> [What you need to do]: Return the data verbatim, without pictures.

> [Supplied information]:
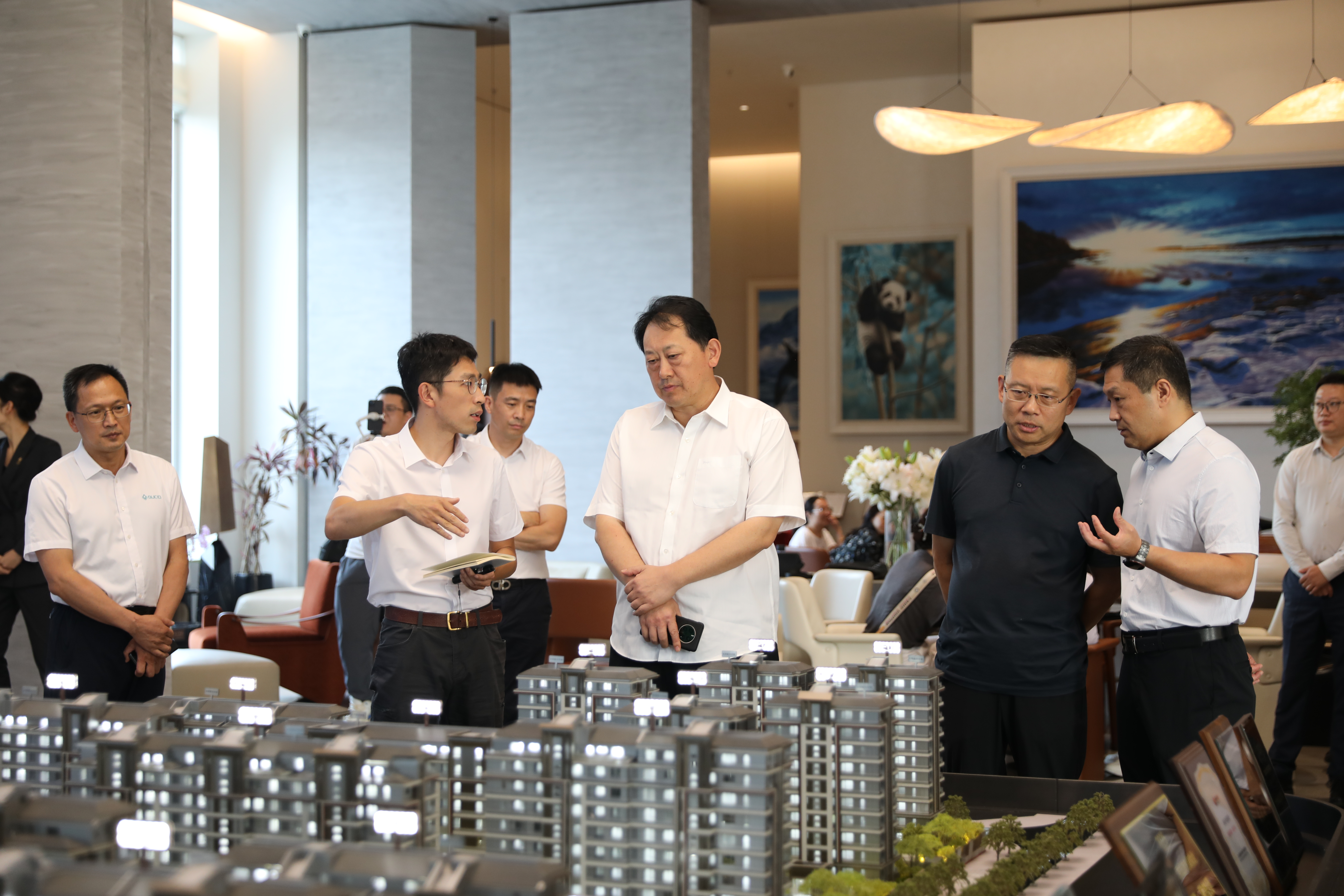 李伟东一行来到公司国誉颂项目,实地察看项目实景展示区、样板示范区,现场听取了项目负责人关于项目建设、销售去化等情况的汇报。
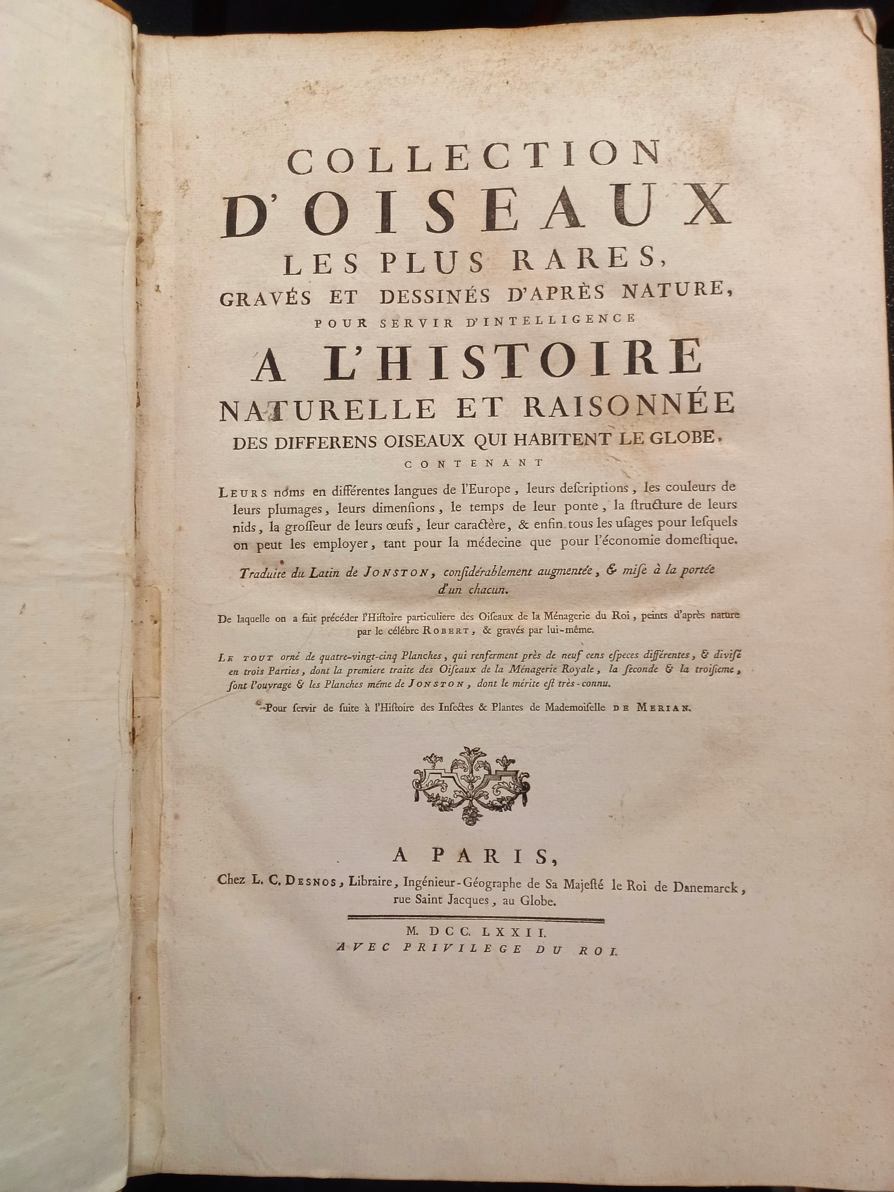 Traduite du latin de Jonston, considérablement augmentée, et mise à la portée d'un chacun : de laquelle on a fait précéder l'histoire particulière des oiseaux de la ménagerie du Roi, peints d'après nature par le célèbre Robert, et gravés par lui-même, le tout orné de quatre-vingt-cinq planches, qui renferment près de neuf cens espèces différentes, et divisé en trois parties, dont la première traite des oiseaux de la Ménagerie royale, la seconde et la troisième, sont l'ouvrage et les planches même de Jonston, dont le mérite est très connu : pour servir de suite à l'Histoire des insectes et des plantes de mademoiselle de Merian
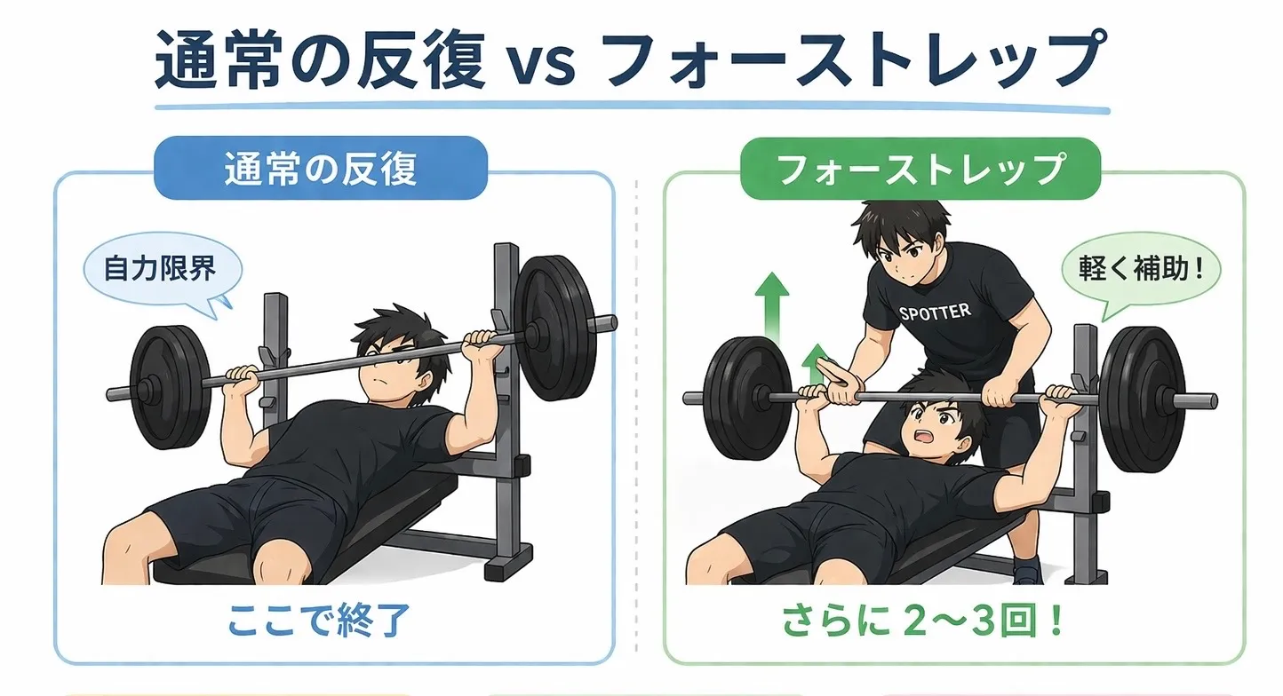 フォーストレップとは、自力では上がらない状態から、補助を受けてさらに反復を行う方法です。
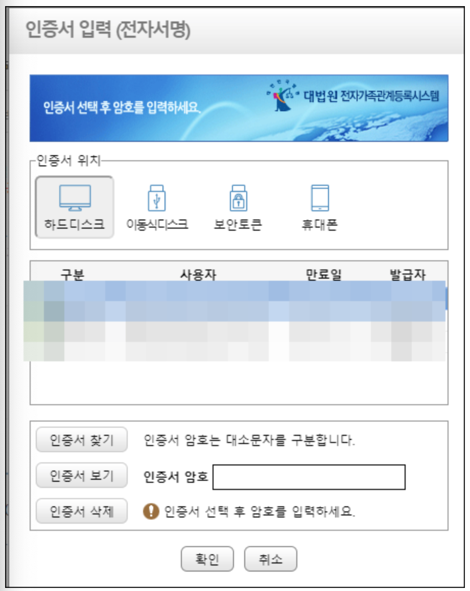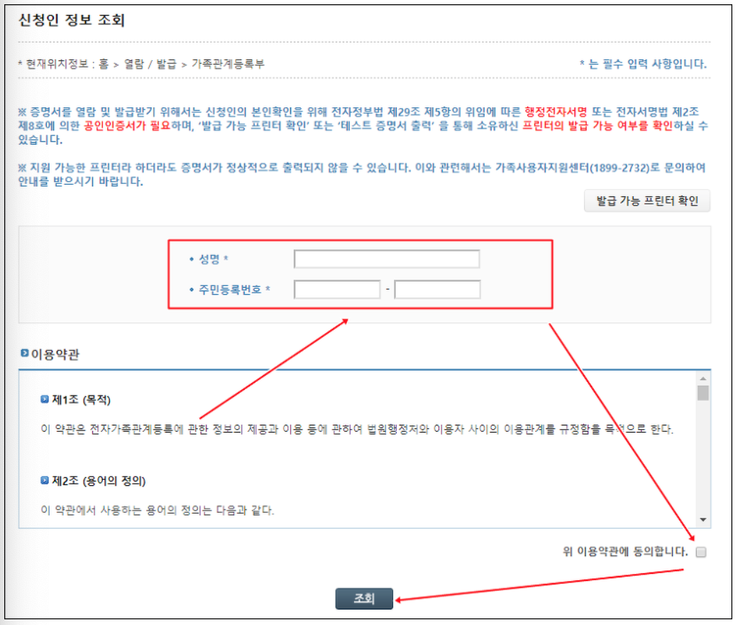 먼저 가족관계증명서 인터넷발급을 위해 공인인증서가 필요 합니다. 또 출력을 위한 프린트기도 준비하시면되겠습니다.

> [Expected answer]:
 李伟东一行来到公司国誉颂项目,实地察看项目实景展示区、样板示范区,现场听取了项目负责人关于项目建设、销售去化等情况的汇报。
 Traduite du latin de Jonston, considérablement augmentée, et mise à la portée d'un chacun : de laquelle on a fait précéder l'histoire particulière des oiseaux de la ménagerie du Roi, peints d'après nature par le célèbre Robert, et gravés par lui-même, le tout orné de quatre-vingt-cinq planches, qui renferment près de neuf cens espèces différentes, et divisé en trois parties, dont la première traite des oiseaux de la Ménagerie royale, la seconde et la troisième, sont l'ouvrage et les planches même de Jonston, dont le mérite est très connu : pour servir de suite à l'Histoire des insectes et des plantes de mademoiselle de Merian
 フォーストレップとは、自力では上がらない状態から、補助を受けてさらに反復を行う方法です。
 먼저 가족관계증명서 인터넷발급을 위해 공인인증서가 필요 합니다. 또 출력을 위한 프린트기도 준비하시면되겠습니다.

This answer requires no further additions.